Equally fascinating – and I mean this, though it was obviously a relatively quiet midsummer week – was the start of new C4 series Who Wants My Council House?, marking the revolution since 2012 in council house swaps.

The premise couldn’t be simpler: cameras follow the tenants, from first brush with home swap websites, along the motorways from Lincoln to Cornwall to Bristol to Dorset, to their new vistas. Along the way we get to peek in at everyone’s dreadful taste in home furnishing. But also learn much about people. Posh picky Tory Sarah, who’s “with Cliff Richard on the loo roll – always hang on the outside” but a bit sneery when it comes to Northolt, and indeed to people, wanted to move back to London. Astonishingly, even when offered a splendid pad in Maida Vale for £110 a week, she turned up her not inconsiderable nose. Contrast with the lovely Andy, 50, a boarding school victim and ex-rough sleeper, who wanted nothing more than a “dream” move to Poundbury: he found the perfect house but all fell through at the last minute. “I would have lived here the rest of my life,” he sighed, cheerfully. I’ll be watching Andy with interest next week.

And places. I had begun to laugh when “life coach” Karen declared herself “spiritually unfulfilled in Wootton Bassett”. Later, after putative swapees Dorothy and Savannah had visited and been made to feel supremely uncomfortable on the resolutely white streets, she broke down. “I actually hate it here. And they’re just the kind of people I could have been friends with.”

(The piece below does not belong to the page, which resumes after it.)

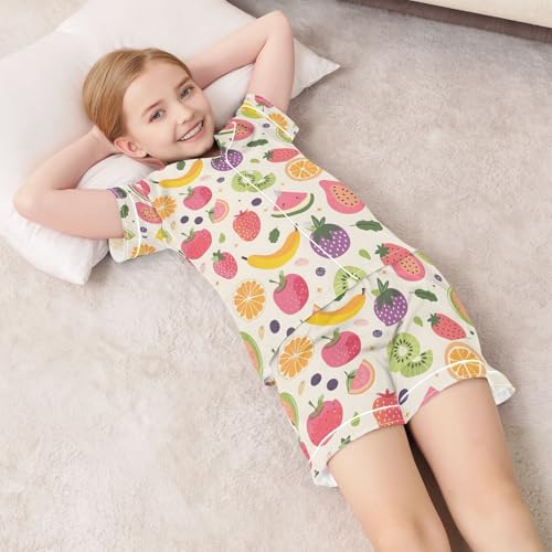 ALAZA Watermelon Strawberry Banana Pajamas Satin Pajama Set Short Sleeve Button Down Sleepwear 6

Jonny and Tyla in Love Island: ‘the opposite of sexy’
Jonny and Tyla in Love Island: ‘the opposite of sexy’. Photograph: ITV/Rex/Shutterstock

I have been ordered – at about 9.20am on Monday, despite having had my groin cut open under an alarmingly light dusting of anaesthetic, and a claw inserted to tie off a pseudo-aneurysm hanging charmingly off my pancreas, but that’s arguably another story – to look at Love Island. Jonny – and, yes, I even looked it up, and, obviously, sigh, no “h” – and Tyla broke up. Camilla and, I think, Jamie got together. Theo established some catchphrases. “You noticed me, like, immeeds, yes? Cos my personality’s, like, ridic?” There is much to like here, if only for the tits-in-the-face honesty of the whole thing. After years of pussyfooting around it with Big Brother, a group of supremely good-looking young beings are left for weeks in a Spanish villa to, simply, have sex with one another. Love was mentioned, yes, but along cheeringly light terms. As Tyla moped: “I was looking for someone I could just fall completely in love with. And then leave [the villa], and then, maybe, might spend a bit of time with.”

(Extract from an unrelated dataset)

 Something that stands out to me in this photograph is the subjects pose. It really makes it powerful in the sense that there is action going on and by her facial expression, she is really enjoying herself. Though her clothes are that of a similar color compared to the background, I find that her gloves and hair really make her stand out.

The villa itself is stencilled with bright, helpful hints. The bath says “wet”, the tap says “drip”, kitchen tops are variously adorned “spicy” and “yum”: and, indeed, it’s exactly as if some extremely well-endowed children have been allowed off for a few weeks to play at grownups having sex.

That’s not to knock it, nor its phenomenal success. It’s been a grand talking point, and some of the youngsters are indeed likable, charming even. But when there arrives such a disparity between the values placed on looks and those placed on brains, any frisson of allure, surely, simply flees. Doesn’t it? Isn’t that the very opposite of sexy?

The voiceover is sexy, because it has behind it a brain, the caustic burr of young Iain Stirling, going along with – almost – all of it. At just one point, having to pun his way through a battery of single entendres about sausages, sauce squirting and baps, did he stage whisper: “I’m a law graduate, you know” – and he is, you know. But as for the contestants, even ex-Fettesian Camilla, who gets ribbed for liking “books’n’shit”, exclaimed on her birthday morning, with a mix of delight, bemusement and genuine near panic: “How does someone even think of an idea like that?” Someone had made her avocado on toast, cut into letters, spelling out words.